The Vreeland-Avedon Alliance: A Fashion Dynasty

When Diana Vreeland’s reign as editor-in-chief at Vogue began (yes, it’s hard to imagine, but try to think past Anna Wintour) in 1962, the young fashion photographer and eventual legend Richard Avedon joined her, ultimately shaping the aesthetic of the publication. After getting his start as a photographer for department stores, the art director at Harper’s Bazaar, Alexey Brodovitch, took notice of his work and endorsed him for the magazine.
Vreeland and Avedon
Vreeland and Avedon

Avedon’s influence at Vogue developed quickly, and he would end up staying there until 1988 when Anna Wintour took over.

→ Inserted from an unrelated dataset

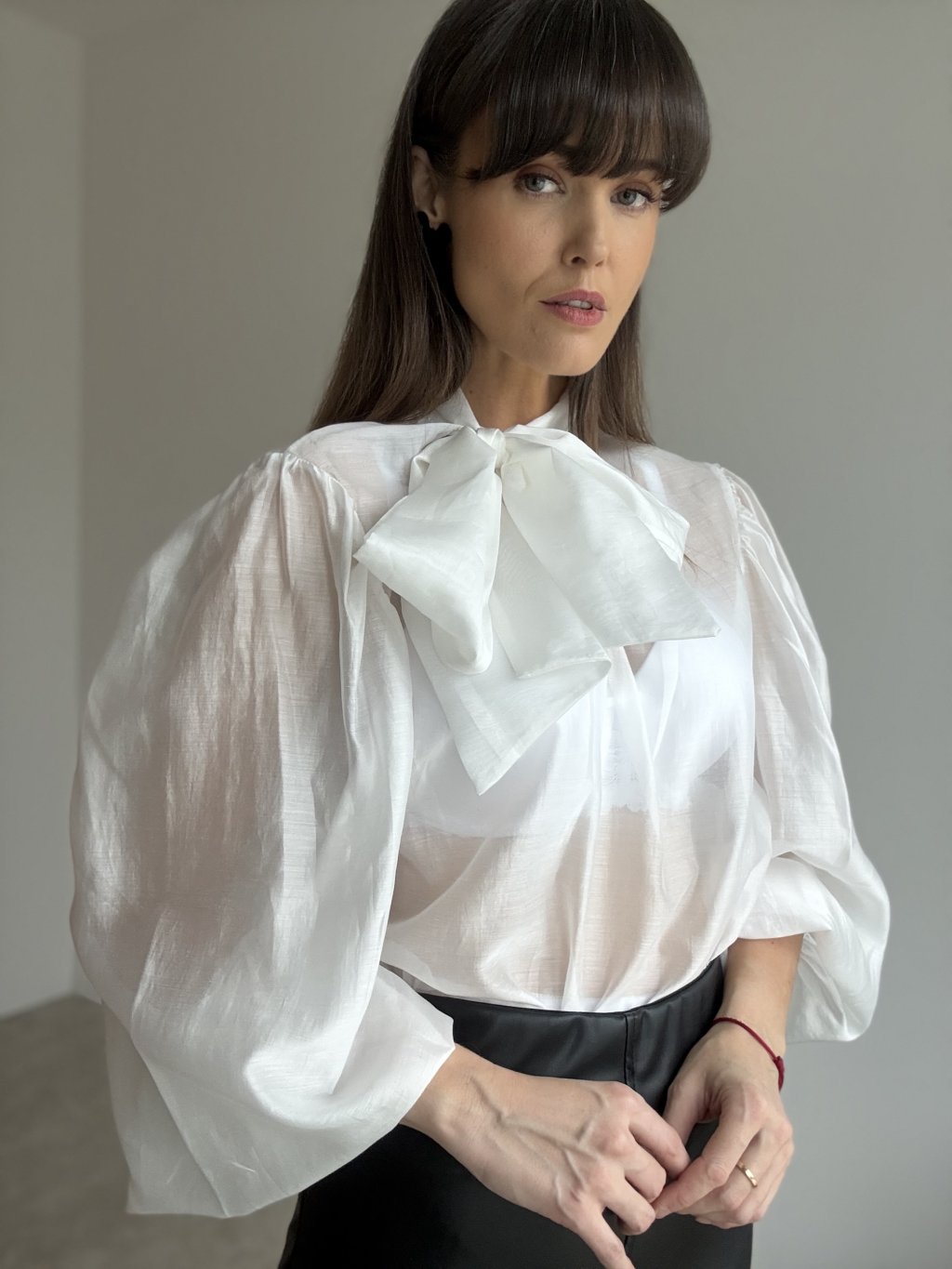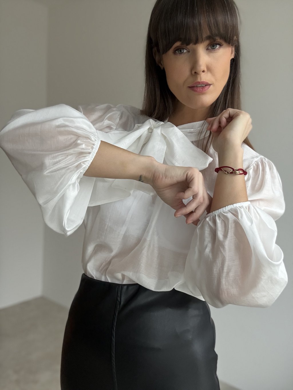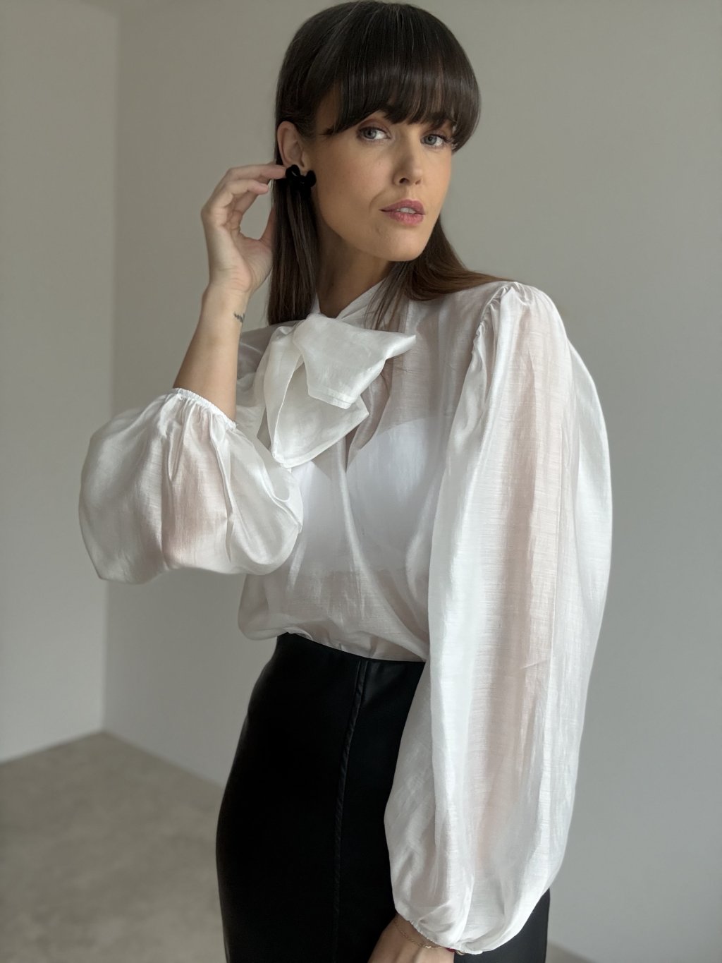 Zwiewna bluzka z lyocellu z elegancką kokardą przy szyi dodaje stylizacji subtelnie kobiecego charakteru. Luźniejszy, wygodny krój ładnie układa się na sylwetce i wygląda jednocześnie elegancko i nowocześnie. Obszerne rękawy typu balloon zakończone ściągaczem nadają całości modnej objętości i podkreślają linię ramion. Delikatny materiał jest przyjemny dla skóry, lekki i szlachetny, dlatego bluzka sprawdzi się w biurze, na spotkaniach, uroczystościach i wieczornych wyjściach. Doskonale komponuje się z ołówkową spódnicą oraz eleganckimi spodniami z wysokim stanem, a proste dodatki pozwalają wyeksponować kokardę i kobiecą linię góry.

In the 1970s and 1980s, Avedon created memorable campaigns for Gianni Versace and with Brooke Shields for Calvin Klein Jeans. Starting in 1978, Avedon shot most of the covers for Vogue. His unique photographic style was also employed in a Christian Dior ad campaign in 1982, inspired by the classic look of film stills.

Elizabeth Taylor, photographed by Avedon
Elizabeth Taylor, photographed by Avedon

With Vreeland, Avedon was able to hit his creative stride, photographing models from Janice Dickinson to Gia Carangi (or just Gia, if you will). Working at the height of the supermodel era (though some might argue this took place in the 1990s), Avedon was a key contributor to fashion’s history. Upon leaving Vogue, Avedon took his talents to an entirely new medium: The New Yorker. Beginning in 1992, Avedon brought his unique sensibility to this other Condé Nast publication. And while he would endure in taking evocative photos there, it will forever be his beautiful symbiosis with Vreeland that makes him such a legend.